Items listed in a dataset:
────────

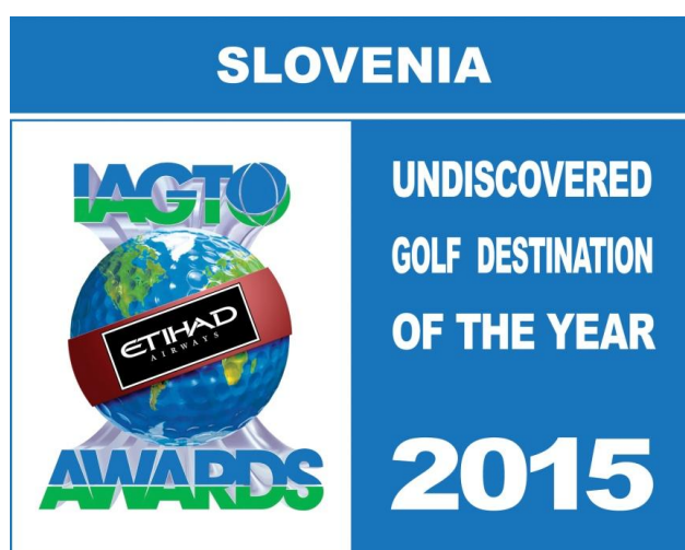
Slika 7. Logotip nagrade za najobetavnejšo golf destinacijo za leto 2015 («Dobrodošli na golf», 2016).

organizatorjev potovanj za golf. Nagrada, ki se podeljuje enkrat letno v okviru Mednarodnega sejma potovalne golfindustrije, se podeljuje golf destinacijam, ki predstavljajo neodkrit biser med svetovnimi golfskimi destinacijami s kakovostno golfsko ponudbo, atraktivnimi golf igrišči in različnimi možnostmi tečajev za začetnike ali naprednejše igralce. Na področju golf turizma je Slovenija prvič resneje nastopila v letu 2012, skupni nastop pod blagovno znamko I Feel Slovenia pa je še v večji meri izboljšal prepoznavnost Slovenije na močnejših mednarodnih trgih. Tujim gostom iz sosednjih držav Italije, Avstrije in Nemčije se v zadnjih letih pridružujejo tudi gostje iz Skandinavskih držav, največ iz Švedske in Finske («Slovenija je najobetavnejša», 2014).
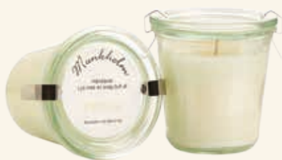
# 11148 Brændetid ca. 50 t. Patchouli
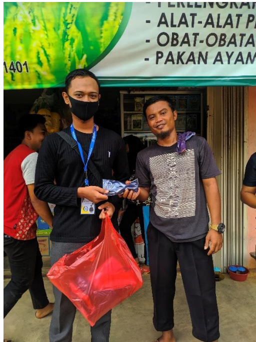
Gambar 3 . Pembagian APD ( Masker)

Kegiatan ini dilaksanakan pada minggu kedua, pada hari Minggu, 2 Agustus 2020. Masker didapatkan dari salah satu E-Commerce besar di Indonesia yaitu Shopee. Kurang lebih sekitar 95 masker telah dibagikan di sekitar pasar Bangunrejo.
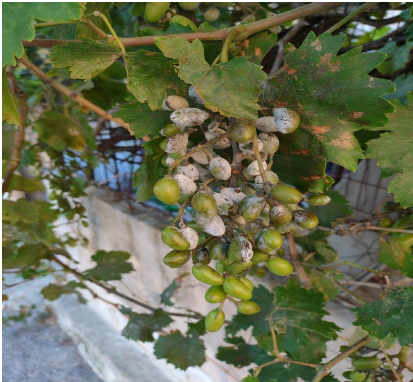
Ισχυρή προσβολή ωιδίου σε βότρου και φύλλωμα.

Το στάδιο της καρπόδεσης και οι 2-3 εβδομάδες που ακολουθούν είναι μία περίοδος πολύ κρίσιμη για την ανάπτυξη της ασθένειας και οι ζημιές που προκαλούνται είναι συνήθως καταστροφικές για την καλλιέργεια. Η προστασία των βοτρυών από τον μύκητα σε αυτή την περίοδο θεωρείται επιβεβλημένη. Επιπλέον, οι καιρικές συνθήκες των τελευταίων ημερών είναι ιδιαίτερα ευνοϊκές για την γρήγορη επέκταση της ασθένειας.
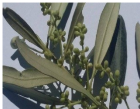
Κρόκκιασμα (στάδιο E)
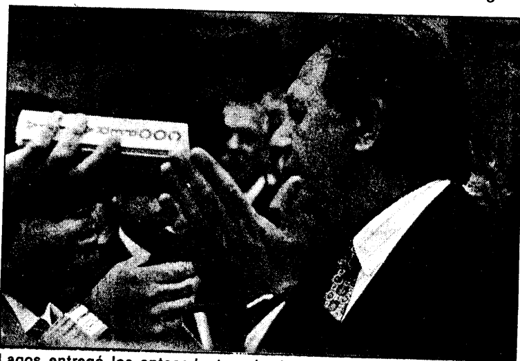
Lagos entregó los antecedentes al ministro de Defensa.

Destacó, sin embargo, que "lo importante es hacerlo de una manera tal, que sea con respeto. Creo que algunos de los grupos que hubo a la salida de la Catedral no representaban la civilidad de este pue-
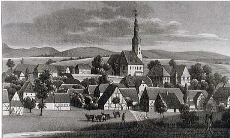
Widok od pd. –wsch. z pocz. XIX w.
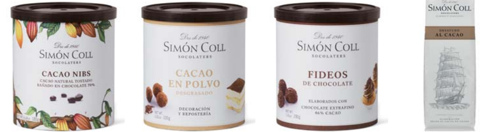
Cacao Nibs 180g Ref: 5644 Cacao en Polvo 100g Ref: 5646 Fideos Chocolate 46% 200g Ref: 5645 Chocolate a la Taza Barco 28% 200g Ref: 1245
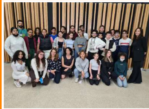
Photo des élèves du lycée Victor Hugo de Marrakech avec la chanteuse Clio, concert en partenariat avec l'Institut français (Maroc).
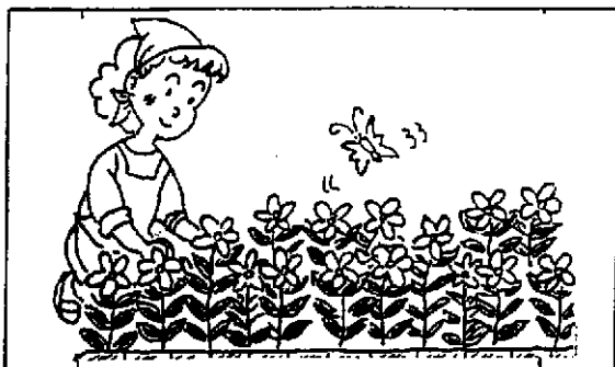
今年はこんなに咲きました！
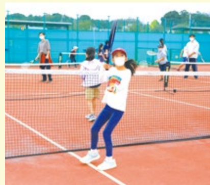
▲テニスを楽しむ子どもたち

────────

- WHAT TO WORK ON -
Restate the data exactly, though only from the line that contains "# 11148 Brændetid ca. 50 t. Patchouli" through its last line, both ends included and with the pictures left out.

- ANSWER TO THIS TASK -
# 11148 Brændetid ca. 50 t. Patchouli
Gambar 3 . Pembagian APD ( Masker)

Kegiatan ini dilaksanakan pada minggu kedua, pada hari Minggu, 2 Agustus 2020. Masker didapatkan dari salah satu E-Commerce besar di Indonesia yaitu Shopee. Kurang lebih sekitar 95 masker telah dibagikan di sekitar pasar Bangunrejo.
Ισχυρή προσβολή ωιδίου σε βότρου και φύλλωμα.

Το στάδιο της καρπόδεσης και οι 2-3 εβδομάδες που ακολουθούν είναι μία περίοδος πολύ κρίσιμη για την ανάπτυξη της ασθένειας και οι ζημιές που προκαλούνται είναι συνήθως καταστροφικές για την καλλιέργεια. Η προστασία των βοτρυών από τον μύκητα σε αυτή την περίοδο θεωρείται επιβεβλημένη. Επιπλέον, οι καιρικές συνθήκες των τελευταίων ημερών είναι ιδιαίτερα ευνοϊκές για την γρήγορη επέκταση της ασθένειας.
Κρόκκιασμα (στάδιο E)
Lagos entregó los antecedentes al ministro de Defensa.

Destacó, sin embargo, que "lo importante es hacerlo de una manera tal, que sea con respeto. Creo que algunos de los grupos que hubo a la salida de la Catedral no representaban la civilidad de este pue-
Widok od pd. –wsch. z pocz. XIX w.
Cacao Nibs 180g Ref: 5644 Cacao en Polvo 100g Ref: 5646 Fideos Chocolate 46% 200g Ref: 5645 Chocolate a la Taza Barco 28% 200g Ref: 1245
Photo des élèves du lycée Victor Hugo de Marrakech avec la chanteuse Clio, concert en partenariat avec l'Institut français (Maroc).
今年はこんなに咲きました！
▲テニスを楽しむ子どもたち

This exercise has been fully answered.